O preço do barril de petróleo da Opep (Organização dos Países Exportadores de Petróleo) subiu na sexta-feira (22) para US$ 114,63, informou nesta segunda-feira em Viena o secretariado do cartel.

Assim, o preço continua se recuperando da tendência de baixa pela qual durante a maior parte do mês de agosto. Com o aumento --o terceiro consecutivo--, o petróleo da Opep iguala a cotação do último dia 6, após ter registrado um mínimo mensal de apenas US$ 109, embora se mantenha afastado do recorde de US$ 140,73 o barril alcançado em 3 de julho.

Segundo indicou a empresa de consultoria especializada JBC em sua análise de hoje, a queda do uso de gasolina nos EUA e a redução inclusive no número de passageiros aéreos continua mostrando sinais de retrocesso do consumo nos Estados Unidos.

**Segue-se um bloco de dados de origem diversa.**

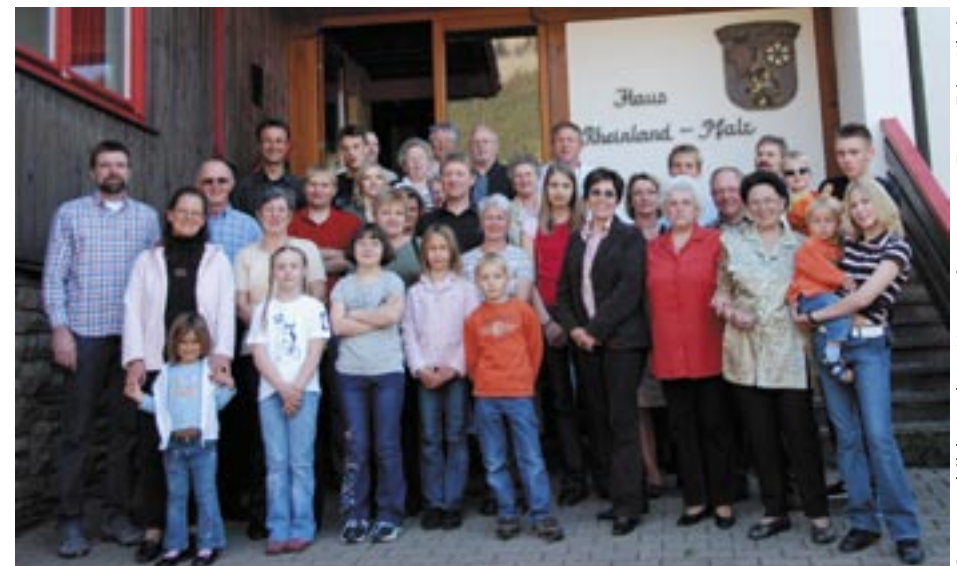
Gruppenbild vor dem Haupteingang

Na sexta, o barril do petróleo cru para entrega em outubro, negociado na Nymex (Bolsa Mercantil de Nova York, na sigla em inglês), encerrou o dia cotado a US$ 114,59, em baixa de 5,44% (ontem, o barril encerrou o dia cotado a US$ 121,18). Durante o dia, o barril atingiu o preço máximo de US$ 121,86 e o mínimo de US$ 114,18. O presidente do Federal Reserve (Fed, o BC americano), Ben Bernanke, disse, também na sexta, que vê com otimismo a quedas recentes no preço do petróleo e de outras commodities e que a inflação no país deve passar a um ritmo mais moderado neste ano e no próximo.

"O recente declínio nos preços das commodities, assim como a crescente estabilidade do dólar, tem sido encorajadores", afirmou, durante a conferência anual do Fed de Kansas (uma das 12 divisões regionais do BC dos EUA). O comentário ajudou a moeda americana a ganhar alguma força frente ao euro.

Com a inflação cedendo, o Fed pode manter por mais tempo sua taxa de juros no atual patamar, 2% ao ano --o banco cortou a taxa sete vezes seguidas entre setembro do ano passado e abril deste ano, a fim de baratear o crédito e estimular a economia. O dólar valorizado dificulta o acesso ao petróleo: como a commodity é cotada em dólares, o barril fica mais caro, diminuindo a pressão da demanda.